Título: Na beira do Capibaribe, a luta contra a maré
Autor: Bernardo Mello Franco
Fonte: Jornal do Brasil, 23/01/2005, País, p. A3

Rio Capibaribe, que aparece em cartões postais do Recife, é uma presença incômoda sob as tábuas que compõem o chão do barraco de Ana Lúcia Gomes. Ela tem 36 anos e vive com o marido e mais oito pessoas - sete filhos e um neto - numa palafita da favela Beira Rio, uma das mais pobres do Recife. Ex-moradora de Brasília Teimosa, ela deixou a comunidade há nove anos para fugir da violência do mar.

- A vida lá era pior, porque as ondas batiam forte e derrubavam os barracos. Só não imaginava que um dia fossem tirar as palafitas. Se o presidente Lula tivesse passado aqui na Beira Rio, nossa vida poderia ser diferente - acredita.

A única fonte de renda da família é a pesca do sururu, que depende da maré. O molusco é colhido semana sim, semana não, e sai entre R$ 3 e R$ 5 o quilo. Enquanto o casal trabalha, as crianças se arriscam brincando sobre pontes estreitas que ligam os barracos, a dois metros do espelho d'água.

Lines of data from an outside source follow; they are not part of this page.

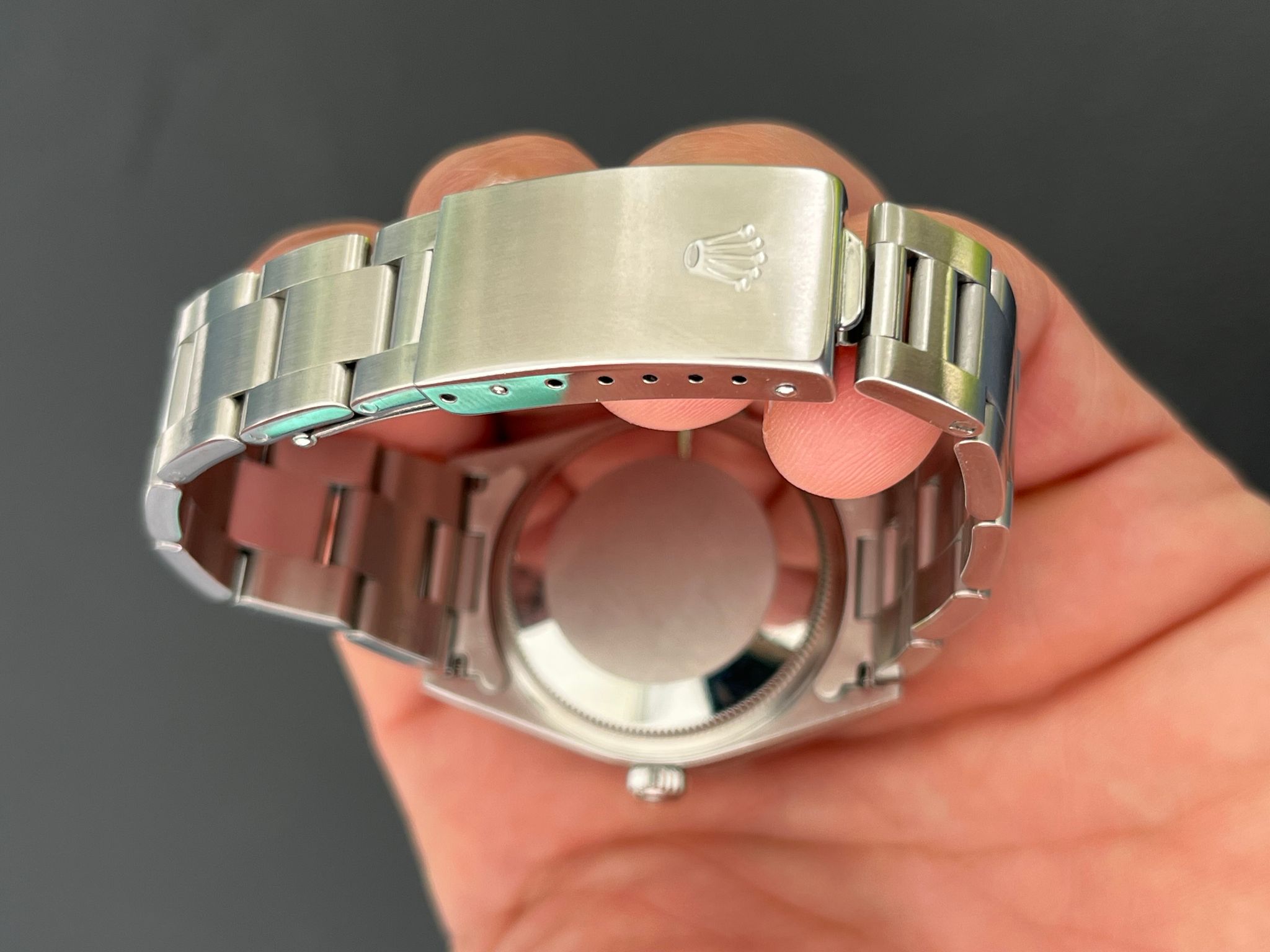 The Rolex Oyster Perpetual Air-King Reference 14000 with a Pink Salmon Dial is a stunning example of Rolex's commitment to timeless elegance and superior craftsmanship. This exquisite timepiece features a 34mm stainless steel case, perfectly balanced for both comfort and style. The unique Salmon-colored dial adds a touch of sophistication, beautifully contrasted by the sleek, minimalist design and luminous hour markers. Powered by the reliable Rolex Caliber 3000 automatic movement, the Air-King 14000 guarantees precise timekeeping and robust performance. The smooth bezel and classic Oyster bracelet enhance its refined aesthetic, making it suitable for any occasion. This particular model, with its rare and captivating salmon dial, stands out as a distinctive and highly sought-after addition to any watch collection, embodying the perfect blend of tradition and modernity.
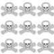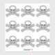 Contemplar la hoja de pegatinas con el cráneo de Jolly Roger y los pegatinas piratas de huesos.
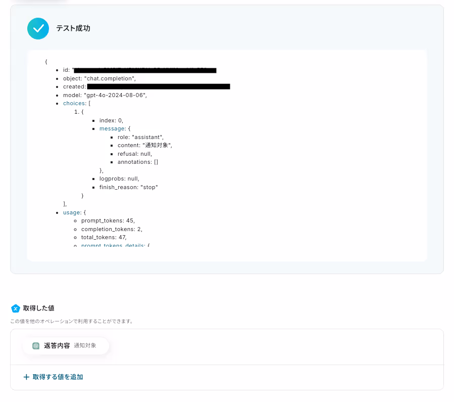 カードを作成後、テストを行い、成功すると以下のように「取得した値」が表示されます。

O cheiro do esgoto toma a pequena casa, escura mesmo durante o dia, onde não há banheiro e a água usada para os banhos e a lavagem de roupas chega da única bica instalada pelo estado na região.

Ana Lúcia já se inscreveu em programas de assistência, mas não recebe nenhum auxílio do governo. O filho mais velho, que deixou a escola na 4ª série, trabalha com ela. A filha de 16 anos é deficiente mental e vive reclusa num pequeno cômodo, e os outros sofrem com piolhos e coceiras causadas pela água poluída.

Fora da vida de maré, a maioria dos moradores do local não encontra oportunidades de trabalho. Sofre o estigma das palafitas e leva desvantagem na disputa por vagas de baixa remuneração no mercado.

Depois da remoção das 561 famílias que moravam na área oceânica da favela Brasília Teimosa, ainda restam cerca de 23.500 palafitas espalhadas pela cidade, informa o prefeito João Paulo, que promete remover e indenizar as famílias da Beira Rio este ano.